(What is needed) Below are records; please write out exactly the lines from the first line through the line containing "So to catch", with no pictures.

Dataset records
····················

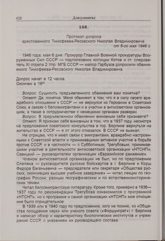 Протокол допроса арестованного Тимофеева-Ресовского Николая Владимировича от 6 мая 1946 г. // ЦА ФСБ РФ. № Р-41361. Т. 1. Л. 212-214 — автограф, Л. 208-211 — машинопись.
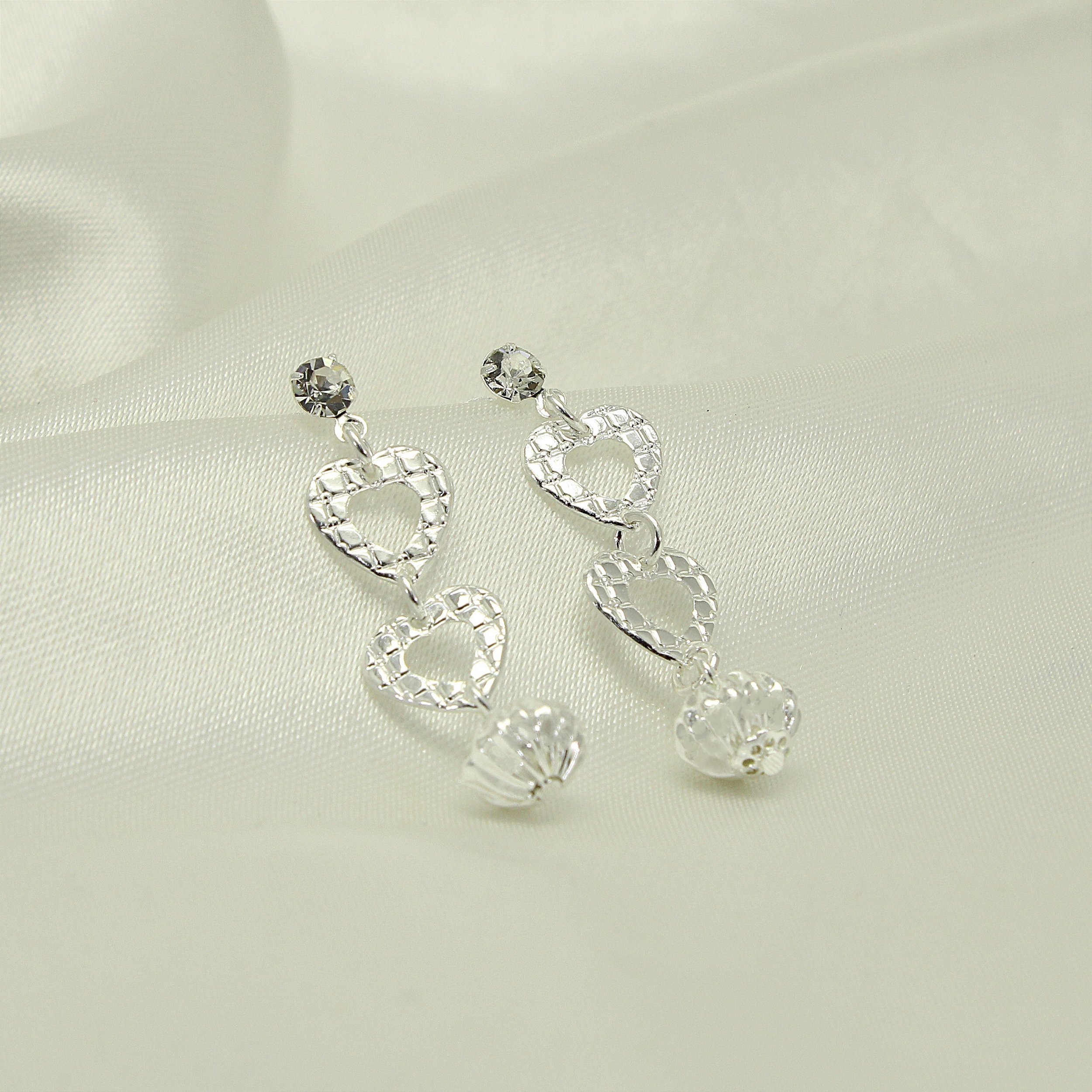 Brinco de Corações com Zircônia Cristal Banhado com 30 Milésimos de Teor de Prata 925 e Finalizado com Verniz de Nanotecnologia
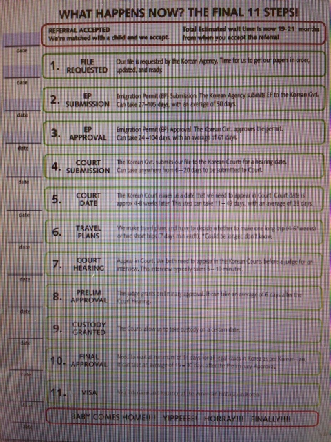 So to catch everyone up on where we are in the adoption process. It feels like its been a long time already. And it has, but in all honestly we still have a long ways to go. One of the adoption moms made the following file. Its a PDF but I’m not technical enough to figure out how to load that in to this, so I just took a photo, so I apologize if its not the clearest…
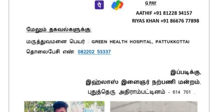 அதிராம்பட்டினம் இளைஞர் சிகிச்சைக்காக 10 லட்சம் ரூபாய் உதவி தேவை Khalid2025-10-27T23:18:48+05:30அதிராம்பட்டினத்தைச் சேர்ந்த இளைஞர் சார்ந்த இ. செய்யது த.பெ. முகமது இப்ராஹீம் என்பவர்,... Facebook Twitter LinkedIn Google + Email October 27, 2025அதிரை செய்திகள், செய்திகள் Read more...
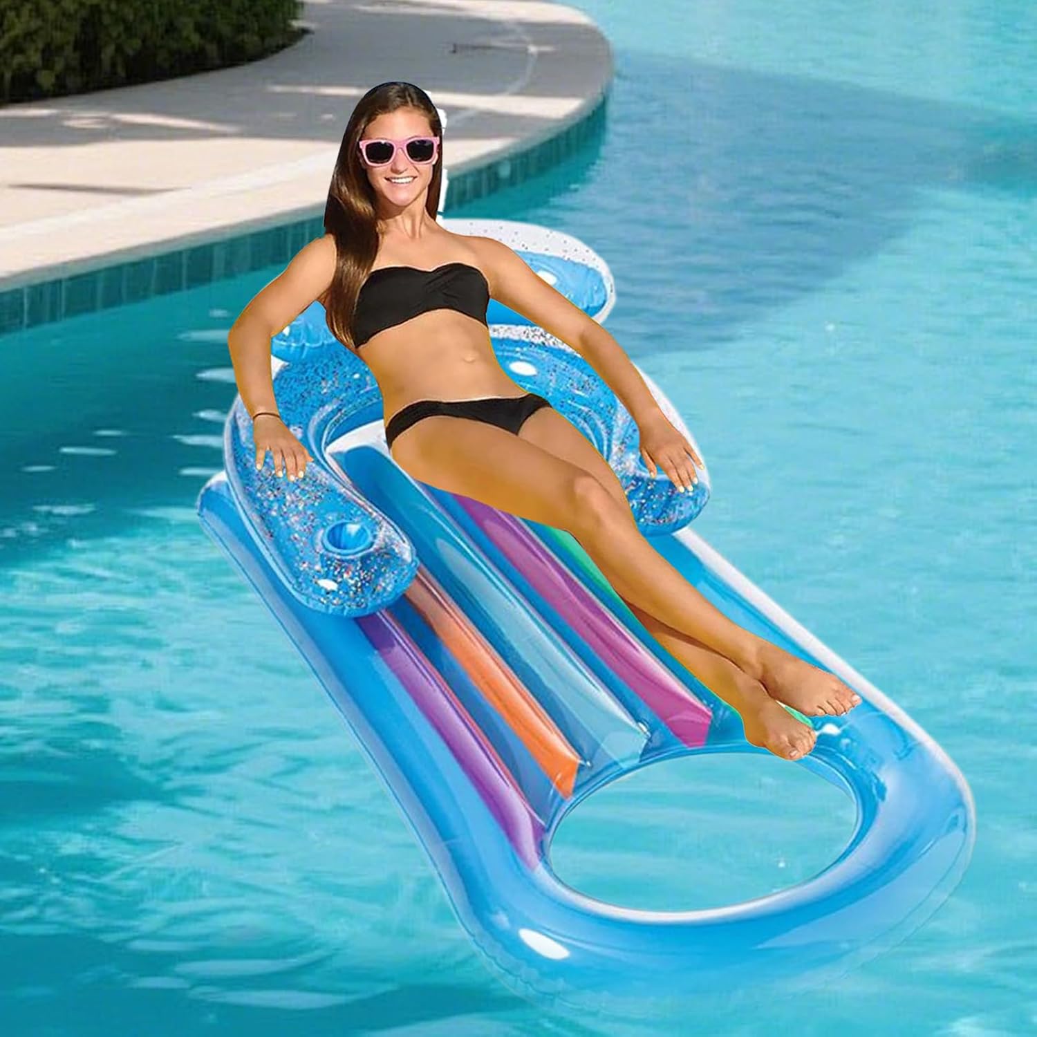Piacere di galleggiamento ottimizzato: la geometria di galleggiamento appositamente progettata combinata con supporti adatti alle bevande e materiale resistente agli spruzzi crea un'esperienza di nuoto senza sforzo, completata da doppi vani portaoggetti nella zona della base Estetica moderna: l'innovativo design a strati con linee di contorno chiare conferisce un aspetto contemporaneo, attira l'attenzione in acqua e sulla terra grazie alla trasparenza controllata e alla profondità del colore magnetica Materiale premium: pellicola multistrato ad alta densità con camere d'aria integrate e zone elastiche con doppie cuciture garantisce un'ottima resistenza allo strappo e stabilità dimensionale in piscina Regolazione della forma del corpo: il design intelligente si adatta naturalmente a tutti i tipi di corporatura e garantisce una distribuzione uniforme del peso. Che sia in piscina, al lago o - il lettino gonfiabile offre una galleggiabilità stabile e un comfort ergonomico per ogni utente Sgonfiaggio rapido: l'innovativo sistema d'aria consente di regolare il volume dell'aria in pochi secondi - Ideale per l'uso spontaneo o per lo stoccaggio salvaspazio con la massima facilità d'uso
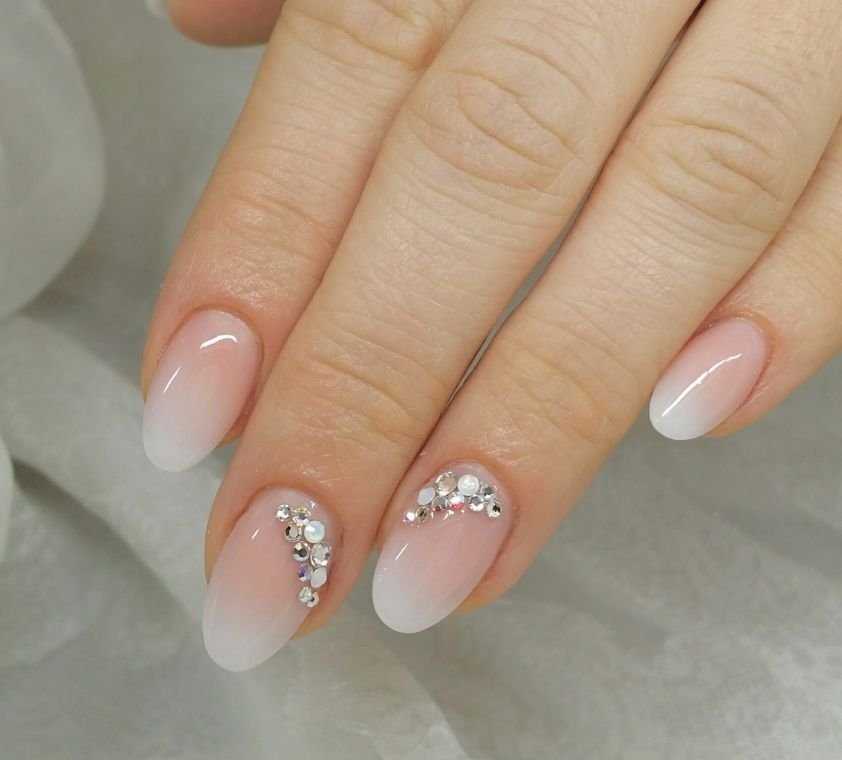 Нюдовый маникюр: идеи на миндалевидных ногтях
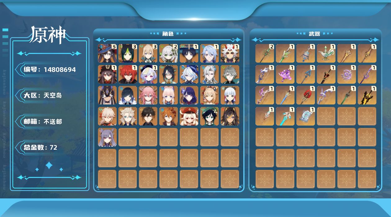 [14808694]60级/72黄/女主/29个五星角色/23个五星武器
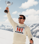 The Champions Cable Knit Sweater celebrates American skiing’s first champions of alpine sport —from the Dartmouth men who raced on Mount Moosilauke, to the victorious squads of the 1950s who carried U.S. colors onto the world stage. For these athletes, the cable knit was a talisman: warm, durable, and unmistakably classic. It represented the nation’s emerging alpine identity, forged in New England’s icy forests and the high-altitude snowfields of the West. Knit from 100% Italian merino fibers and engineered with an alpine-ready fit, the garment delivers familiar warmth with enhanced mobility, weather protection, and reliability in cold mountain environments. Each braided panel is a tribute to the original construction techniques that made the cable knit a skier’s essential, while USA manufacturing ensure long lasting wear on and off the hill.

····················

(Solution for this problem)
 Протокол допроса арестованного Тимофеева-Ресовского Николая Владимировича от 6 мая 1946 г. // ЦА ФСБ РФ. № Р-41361. Т. 1. Л. 212-214 — автограф, Л. 208-211 — машинопись.
 Brinco de Corações com Zircônia Cristal Banhado com 30 Milésimos de Teor de Prata 925 e Finalizado com Verniz de Nanotecnologia
 So to catch everyone up on where we are in the adoption process. It feels like its been a long time already. And it has, but in all honestly we still have a long ways to go. One of the adoption moms made the following file. Its a PDF but I’m not technical enough to figure out how to load that in to this, so I just took a photo, so I apologize if its not the clearest…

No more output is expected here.